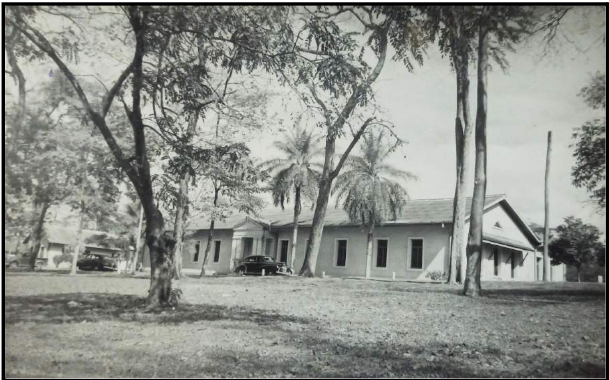
Edificio de la Administración de Standard Oil en Tartagal (Material inédito. Facilitado por la prof. Cecilia Luna)

De ese modo, comenzó a configurarse tempranamente una economía de enclave, caracterizada por las importantes inyecciones de capital en el sector petrolero por parte de la empresa norteamericana y ausencia de otras inversiones significativas, a excepción del ferrocarril, utilizado entre otras cosas para el transporte del crudo. En un tercer lugar se ubicaba la industria maderera, que requería bajos volúmenes de capital fijo. Si bien un pequeño porcentaje del petróleo y de la madera producida era consumido a nivel local, la mayor parte subía al tren de carga y seguía su curso hacia el sur, para ser procesados y abastecer a los principales centros urbanos del país: el grueso del crudo salteño era transportado hacia la provincia de Buenos Aires, donde se ubicaba la refinería principal de la Standard, y más adelante, la de la petrolera estatal, en La Plata. Como las regalías y demás gravámenes sobre las actividades económicas eran percibidas por el Estado provincial, la municipalidad recientemente creada prácticamente carecía de recursos propios. Esa situación, sumada a la influencia económica y los vínculos políticos de la Standard Oil con la oligarquía provincial, creó las condiciones para que la empresa comenzara a asumir funciones que excedían ampliamente su esfera de actividad (...).
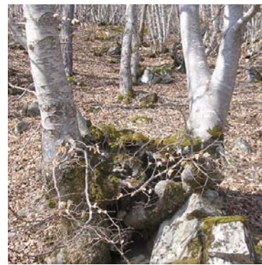
Type H2 - Ce taillis présente un mauvais ensouchement (souches hautes et déformées). Sa capacité à rejeter de souche est incertaine.
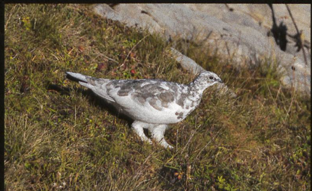
Alpenschneehuhn Lagopus muta .

Was ich persönlich an diesem Vogel so spannend finde, ist der Wechsel seines Federkleides, das sich perfekt den verschiedenen Jahreszeiten anpasst. Zudem hat er mit seinen befiederten Füßen und Nasenöffnung keine Probleme mit der Kälte. Auch im Frühsommer, wenn es dem Fotografen auf seinen Bergtouren den Schweiß auf die Stirn treibt, hält sich dieser Vogel gerne in den letzten verbleibenden Schneefeldern auf.
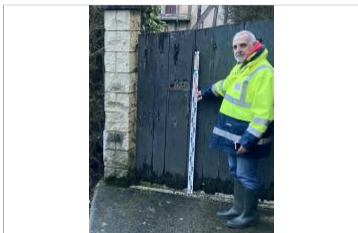
laisse de crue sur le portail, repere sous la boite à lettre
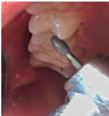
Slika 9. Poliranje ispuna finim dijamantom
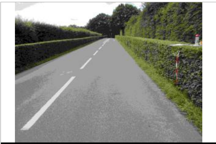
Vue d'ensemble de la laisse de crue.

GÉOLOCALISATION Coordonnées WGS84 : X: 0.12128435 / Y: 48.43362620 Coordonnées RGF93 (Lambert 93) X: 487110.68 / Y: 6818697.28 Coordonnées RGF93 (ETRS89) : X: 0.1212844 / Y: 48.4336262 Code Hydro: M---0060 Rive de référence: Gauche
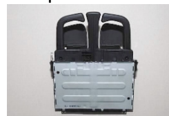
Skuffe Res. Ref.: JB10110
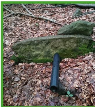
Hrašková studnička, N43 26 53.33607, E18 39 20.51337
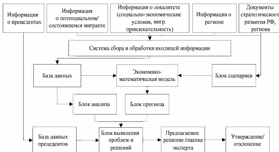
Рис. 2. Концептуальная схема системы управления региональным развитием
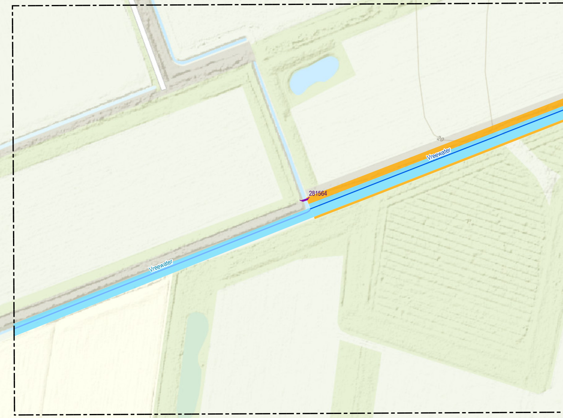
Overzichtskaatje (schaal 1:650.000)
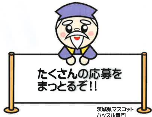
茨城県マスコット ハッスル黄門
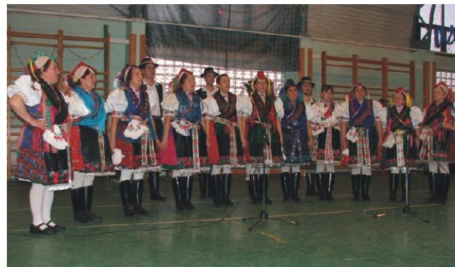
Gyöngyösbokréta Hagyományörző Egyesület műsor közben

....

* [The task] Take the whole listing above and copy it exactly. Pictures do not go into the copy.

* [Response area]
Edificio de la Administración de Standard Oil en Tartagal (Material inédito. Facilitado por la prof. Cecilia Luna)

De ese modo, comenzó a configurarse tempranamente una economía de enclave, caracterizada por las importantes inyecciones de capital en el sector petrolero por parte de la empresa norteamericana y ausencia de otras inversiones significativas, a excepción del ferrocarril, utilizado entre otras cosas para el transporte del crudo. En un tercer lugar se ubicaba la industria maderera, que requería bajos volúmenes de capital fijo. Si bien un pequeño porcentaje del petróleo y de la madera producida era consumido a nivel local, la mayor parte subía al tren de carga y seguía su curso hacia el sur, para ser procesados y abastecer a los principales centros urbanos del país: el grueso del crudo salteño era transportado hacia la provincia de Buenos Aires, donde se ubicaba la refinería principal de la Standard, y más adelante, la de la petrolera estatal, en La Plata. Como las regalías y demás gravámenes sobre las actividades económicas eran percibidas por el Estado provincial, la municipalidad recientemente creada prácticamente carecía de recursos propios. Esa situación, sumada a la influencia económica y los vínculos políticos de la Standard Oil con la oligarquía provincial, creó las condiciones para que la empresa comenzara a asumir funciones que excedían ampliamente su esfera de actividad (...).
Type H2 - Ce taillis présente un mauvais ensouchement (souches hautes et déformées). Sa capacité à rejeter de souche est incertaine.
Alpenschneehuhn Lagopus muta .

Was ich persönlich an diesem Vogel so spannend finde, ist der Wechsel seines Federkleides, das sich perfekt den verschiedenen Jahreszeiten anpasst. Zudem hat er mit seinen befiederten Füßen und Nasenöffnung keine Probleme mit der Kälte. Auch im Frühsommer, wenn es dem Fotografen auf seinen Bergtouren den Schweiß auf die Stirn treibt, hält sich dieser Vogel gerne in den letzten verbleibenden Schneefeldern auf.
laisse de crue sur le portail, repere sous la boite à lettre
Slika 9. Poliranje ispuna finim dijamantom
Vue d'ensemble de la laisse de crue.

GÉOLOCALISATION Coordonnées WGS84 : X: 0.12128435 / Y: 48.43362620 Coordonnées RGF93 (Lambert 93) X: 487110.68 / Y: 6818697.28 Coordonnées RGF93 (ETRS89) : X: 0.1212844 / Y: 48.4336262 Code Hydro: M---0060 Rive de référence: Gauche
Skuffe Res. Ref.: JB10110
Hrašková studnička, N43 26 53.33607, E18 39 20.51337
Рис. 2. Концептуальная схема системы управления региональным развитием
Overzichtskaatje (schaal 1:650.000)
茨城県マスコット ハッスル黄門
Gyöngyösbokréta Hagyományörző Egyesület műsor közben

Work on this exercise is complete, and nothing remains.